(Records drawn from a dataset)

+++

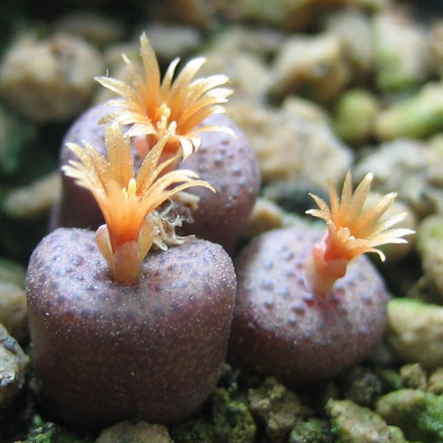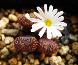 肉锥花(学名:Conophytum spp.),属石竹目番杏科肉锥花属植物的统称,品种繁多,形态各异。肉锥花无茎,根上面直接长有高度肉质化的变态叶作为储水结构,叶形有球形、倒圆锥形,其下部联合,浑然一体,顶部有深浅不一的裂缝,颜色有暗绿、翠绿、黄绿等色,有些品种叶片上还有花纹或斑点。花黄、白或紫色。
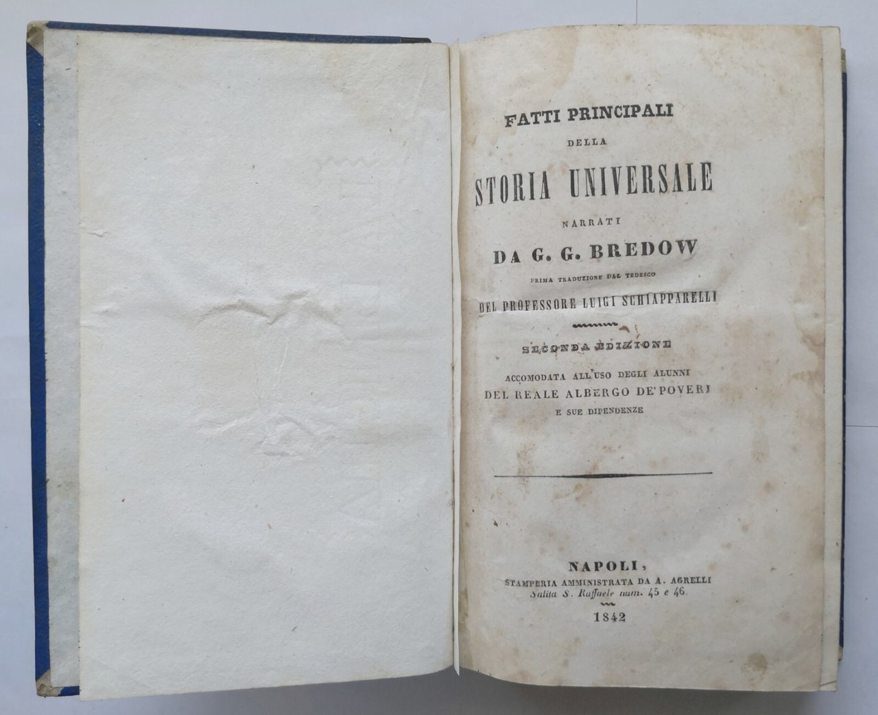 FATTI PRINCIPALI DELLA STORIA UNIVERSALE di G.G. Bredov. Prima traduzione dal tedesco del professore Luigi Schiapparelli.
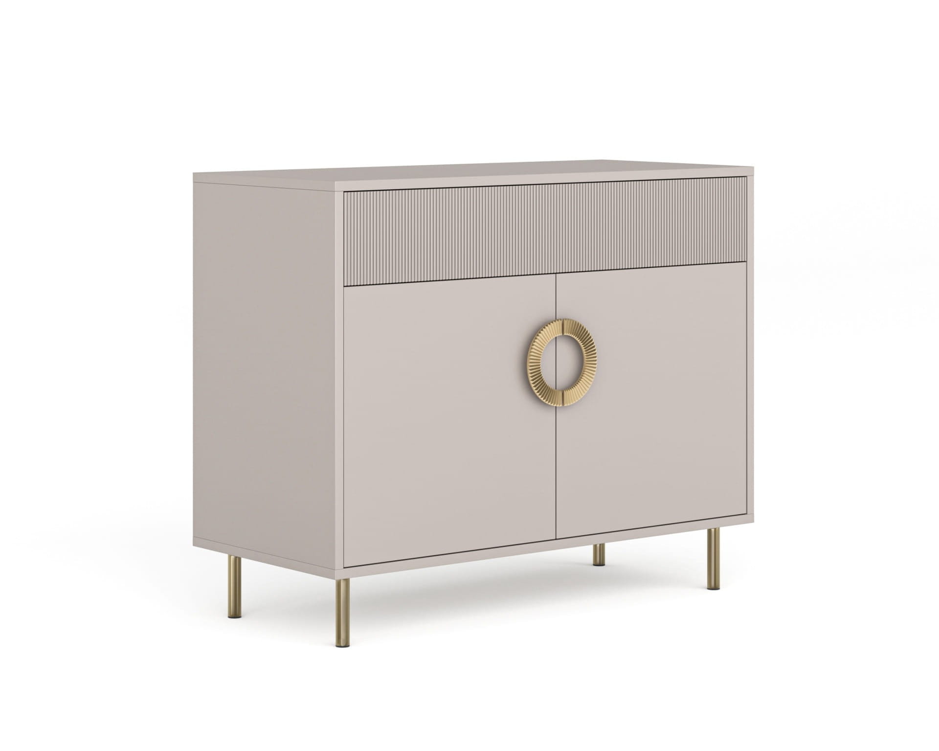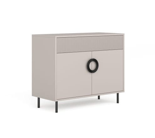 Komoda NUBO z płyty laminowanej i MDF o grubości 1,8 cm w pastelowym kolorze kaszmiru. Modny, ryflowany w drobne prążki front szuflady nawiązuje do ryflowania na dużych, ozdobnych uchwytach w kolorze matowego złota. Dostępne także uchwyty czarne . Złote nóżki lub czarne korespondują z kolorem uchwytów. Komoda posiada uchwyty z systemem cichego domyku i prowadnice push&pull.
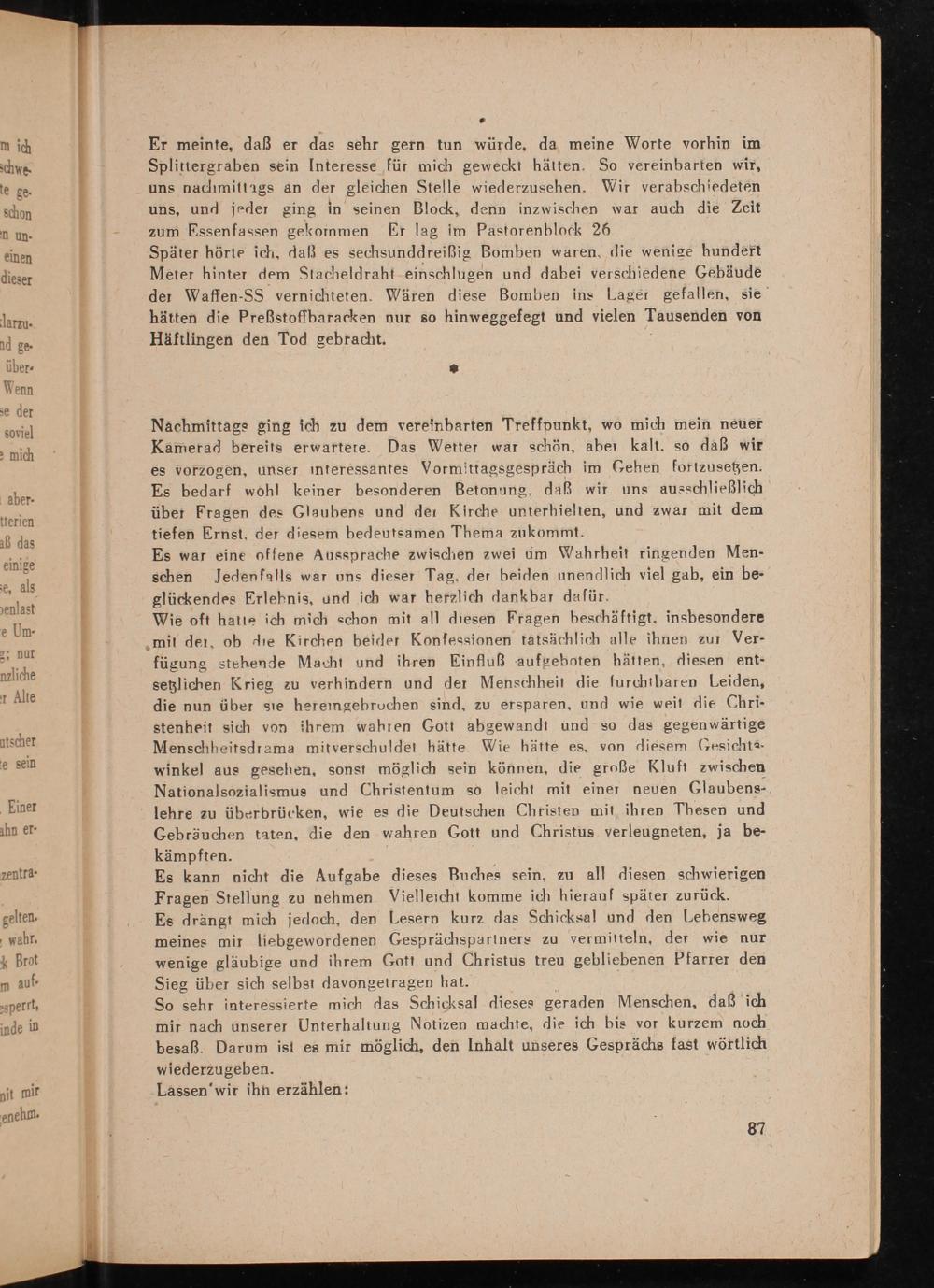 Er meinte, daß er das sehr gern tun würde, da meine Worte vorhin im Splittergraben sein Interesse für mich geweckt hätten. So vereinbarten wir, uns nachmittags an der gleichen Stelle wiederzusehen. Wir verabschiedeten uns, und jeder ging in seinen Block, denn inzwischen war auch die Zeit zum Essenfassen gekommen Er lag im Pastorenblock 26
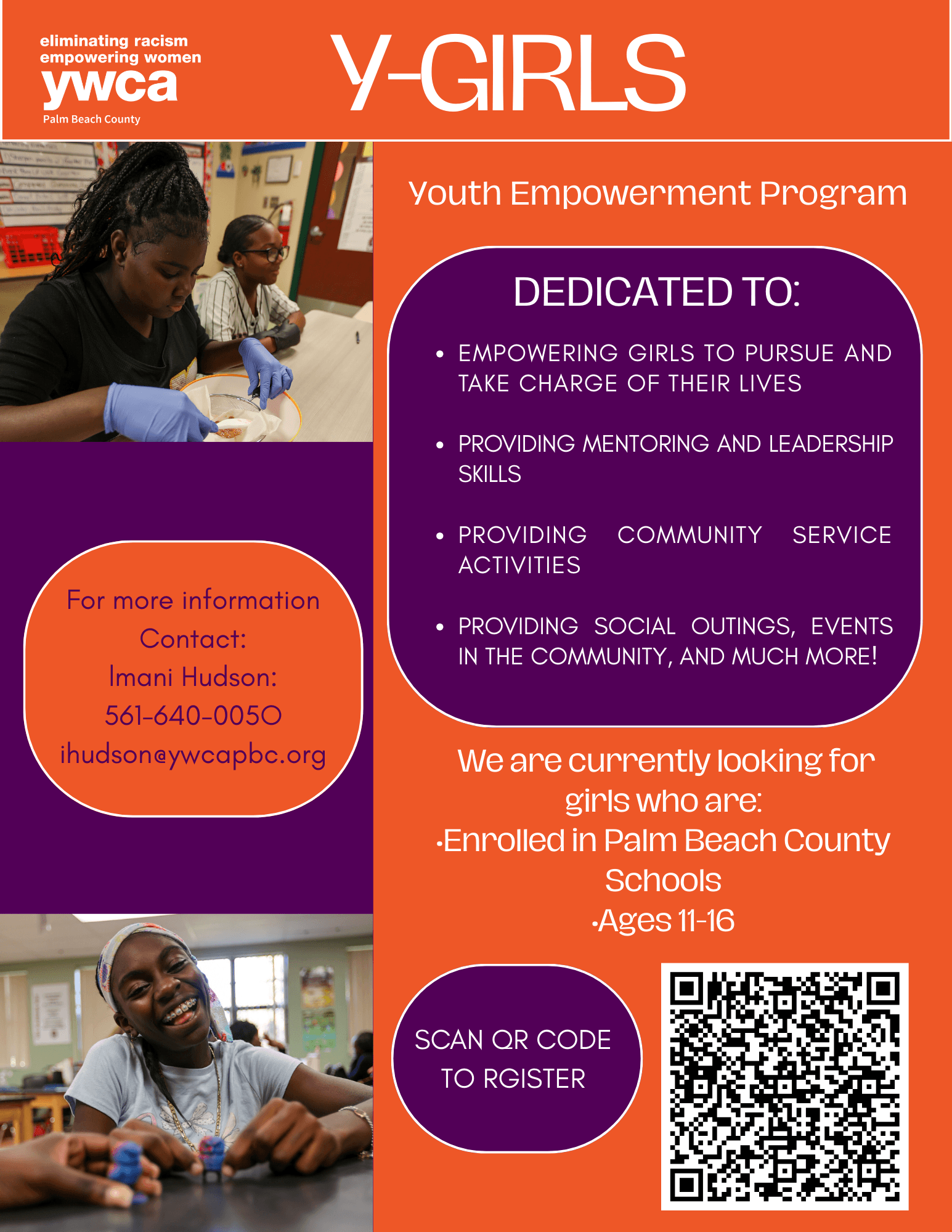 We are currently looking for girls ages 11-16 to participate in our Y-Girls program.
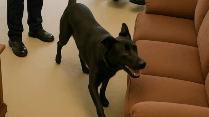 The dog froze at the sofa, the fur on its neck bristled, and suddenly it growled. A second later, it lunged at the soft cushions with a loud bark, burying its snout in the fabric. The owners gasped, and the officer frowned:
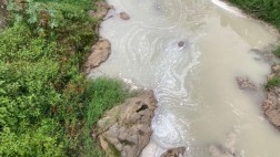 El agua es color casi café con una especie de nata, la cual se forma por los sueros de las queseras que caen al afluente
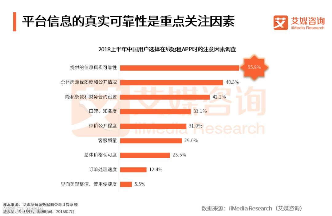 iiMedia Research(艾媒咨询)数据显示,在用户选择在线短租APP时的关注因素调查中,发现APP平台提供的信息真实可靠性以55.9%的比例成为用户最为关注的因素,总体房源的优质度与房源相关证明的公开情况和隐私条款与财务合约设置分别位列二三。艾媒咨询分析师认为,在线短租平台的远程交互性使得用户尤其关注信息的真实性和公开性。
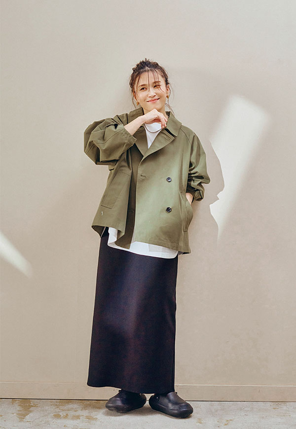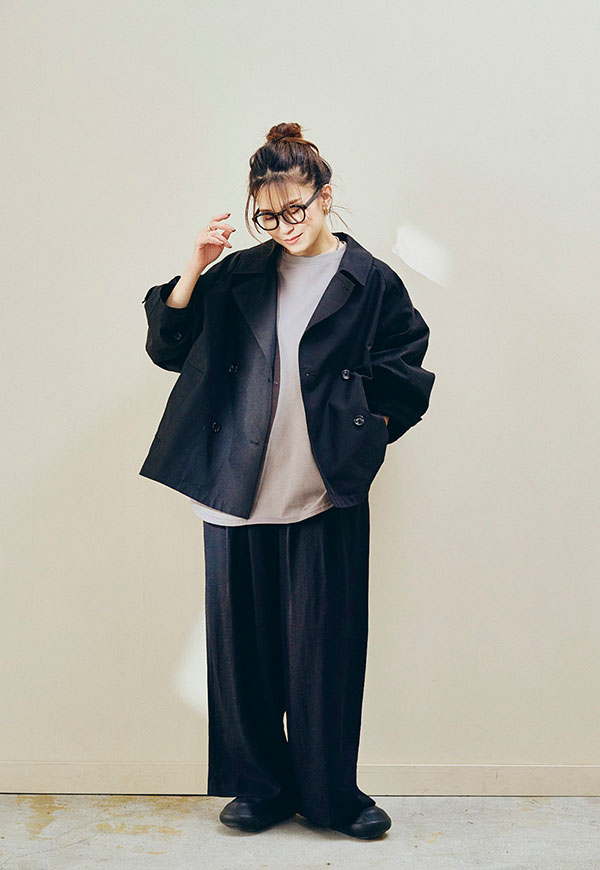 ショート丈なので、パンツにもスカートにもバランス良く合わせられる一着。

+++

Work to complete →
What is needed is a word-for-word restatement of the entries, minus any pictures.

Result for this task →
 肉锥花(学名:Conophytum spp.),属石竹目番杏科肉锥花属植物的统称,品种繁多,形态各异。肉锥花无茎,根上面直接长有高度肉质化的变态叶作为储水结构,叶形有球形、倒圆锥形,其下部联合,浑然一体,顶部有深浅不一的裂缝,颜色有暗绿、翠绿、黄绿等色,有些品种叶片上还有花纹或斑点。花黄、白或紫色。
 FATTI PRINCIPALI DELLA STORIA UNIVERSALE di G.G. Bredov. Prima traduzione dal tedesco del professore Luigi Schiapparelli.
 Komoda NUBO z płyty laminowanej i MDF o grubości 1,8 cm w pastelowym kolorze kaszmiru. Modny, ryflowany w drobne prążki front szuflady nawiązuje do ryflowania na dużych, ozdobnych uchwytach w kolorze matowego złota. Dostępne także uchwyty czarne . Złote nóżki lub czarne korespondują z kolorem uchwytów. Komoda posiada uchwyty z systemem cichego domyku i prowadnice push&pull.
 Er meinte, daß er das sehr gern tun würde, da meine Worte vorhin im Splittergraben sein Interesse für mich geweckt hätten. So vereinbarten wir, uns nachmittags an der gleichen Stelle wiederzusehen. Wir verabschiedeten uns, und jeder ging in seinen Block, denn inzwischen war auch die Zeit zum Essenfassen gekommen Er lag im Pastorenblock 26
 We are currently looking for girls ages 11-16 to participate in our Y-Girls program.
 The dog froze at the sofa, the fur on its neck bristled, and suddenly it growled. A second later, it lunged at the soft cushions with a loud bark, burying its snout in the fabric. The owners gasped, and the officer frowned:
 El agua es color casi café con una especie de nata, la cual se forma por los sueros de las queseras que caen al afluente
 iiMedia Research(艾媒咨询)数据显示,在用户选择在线短租APP时的关注因素调查中,发现APP平台提供的信息真实可靠性以55.9%的比例成为用户最为关注的因素,总体房源的优质度与房源相关证明的公开情况和隐私条款与财务合约设置分别位列二三。艾媒咨询分析师认为,在线短租平台的远程交互性使得用户尤其关注信息的真实性和公开性。
 ショート丈なので、パンツにもスカートにもバランス良く合わせられる一着。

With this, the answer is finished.